For this version of the 5th, GP49 describes the process of making the recording sound better:
There were several items which needed to be addressed:
Several bars were missing from the end of the Finale. [the uploader] had already done a repair to missing bars in the Scherzo,
but he had material to work with within the existing file; in the
finale, there wasn't anything that could be used. Fortunately, for
many years now, I have had a cassette with the only last ten minutes
of the same performance; it sounded just as bad but it had the missing
A patch job could be done!
The entry of the Scherzo was noisy and abrupt, distorted and
truncated. Some careful and exacting digital editing was needed to
extract enough clean signal to reconstruct just that one first note.
Generally, noise and hum was reduced though not eliminated.
Transitions from silence to movement entries were refined.
There were some loud, bass-heavy THUMPS which sounded like somebody
bumped the microphone during the recording, which Jascha Horenstein's
cousin alleges was made using a microphone in front of a radio
loudspeaker. These THUMPS couldn't be made inaudible; all that could
be done was to filter out the heavy bass.
Gross digital clipping in the loudest segments of all movements had
to be addressed. The overall level was dropped to provide some
headroom, and software was applied to attempt a restoration of the
clipped portions. The results of this procedure are seldom 100%
effective, but they are audible here. Unfortunately some of the
distortion from the digital clipping remains; and there was nothing
that could be done for distortion from analog tape overload, without
severely filtering the treble unacceptably.
If one carefully listens to the original, it sounds like Horenstein
played the fourth movement and the Finale without a pause. But I
couldn't tell if this was a poor edit, long ago, on a previous
generation of the tape. I know someone who was there in Edinburgh at
the concert and he says that there was a definite pause, but a short
one. However, Jascha Horenstein's cousin says that his notes from
other Horenstein performances of Mahler 5 say that the conductor
played through the IV-V transition without a pause. I've retained
the split of the two movements onto separate tracks but have put a
minimal amount of silence after the hall echo at the end of IV, and a
minimal amount before the entry of V. If played consecutively, this
makes the pause very short. For those who prefer a longer silence
between the movements, there is always the PAUSE control.
When played, the original was pitched quite too high: a semitone.
That error is a lot, even for a cheap cassette deck; but I have seen
some that had that degree of speed error. Under the assumption that
the pitch error occurred in the analog domain, this means that the
original also was playing too fast! The semitone down-transposition
and accompanying 5.6% slowdown altered the portrayal of the entire
symphony; compared to known, good-sounding Horenstein performances of
the Mahler Sixth Symphony, this Fifth originally sounded too
After the pitch/speed correction, the gentleman who actually heard
the concert in Edinburgh said, "it does darken the performance and is
much closer to what I remember at the Usher Hall in Edinburgh."

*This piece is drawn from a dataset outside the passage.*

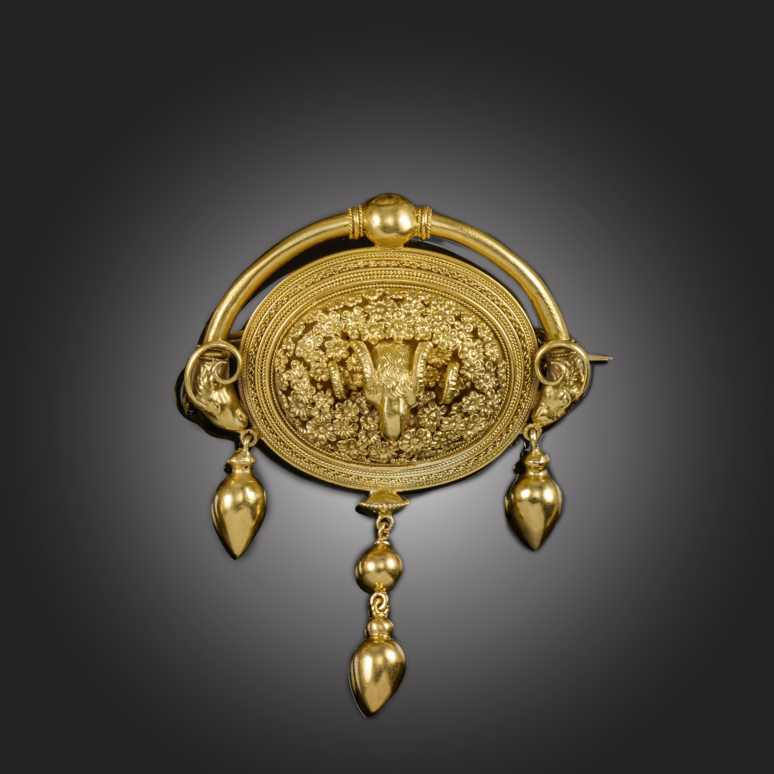 A CASTELLANI STYLE ARCHAEOLOGICAL-REVIVAL BROOCH, SECOND HALF 19TH CENTURY, depicting a Ram's head emerging from millefiori to the centre, within an oval concentric rope twist border, suspended from a torque frame terminating in Ram's heads, suspending three articulated amphora style drops, in yellow gold, width 5.2cm, cased
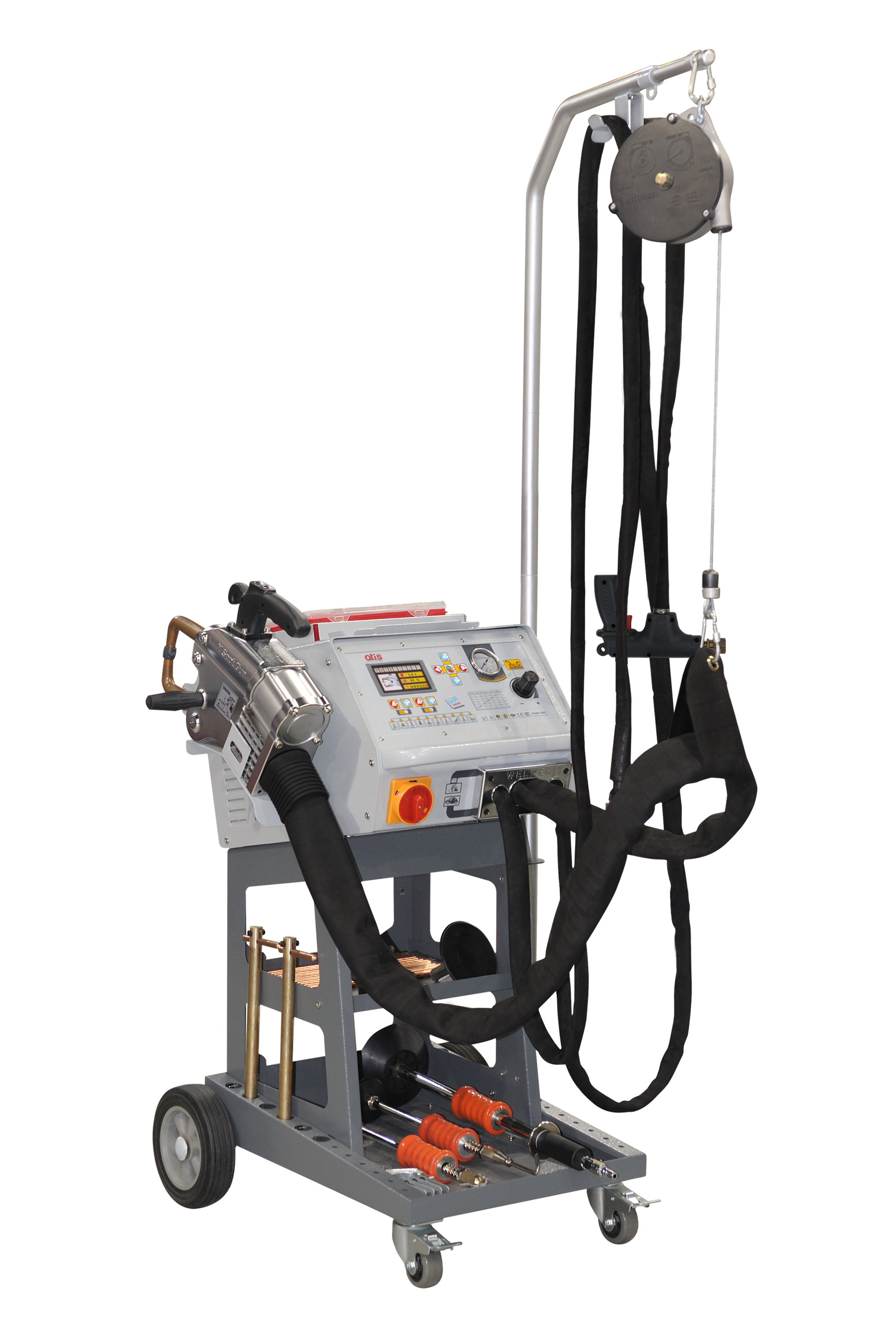 Сварочные приспособления и комплект аксессуаров: Тележка, клещи с пневмоприжимом, удлинители клещей, прогревающие электроды, вакуумная присоска с обратным молотком плюс три насадки-присоски, гребенка, обратный молоток, обратный молоток на пистолете, фильтр для очистки сжатого воздуха

The result is not perfect; it's no silk purse but it is no longer a
sow's ear, either. Some distorted patches remain, and there are
pitch bobbles that sound like irregularity in reel-to-reel tape feed.
I still hope a better copy turns up that will allow this performance
to shine for all it's worth. Jascha Horenstein's cousin is still
trying to search one out, and we should all hope that he is
successful; but for now, this is what we have.
The downloadable files include an excerpt from the introductory
comments on the 1961 broadcast. The audience's applause with
broadcast exit comments follow the Finale, as in the original

This is a mono recording of an important historic performance.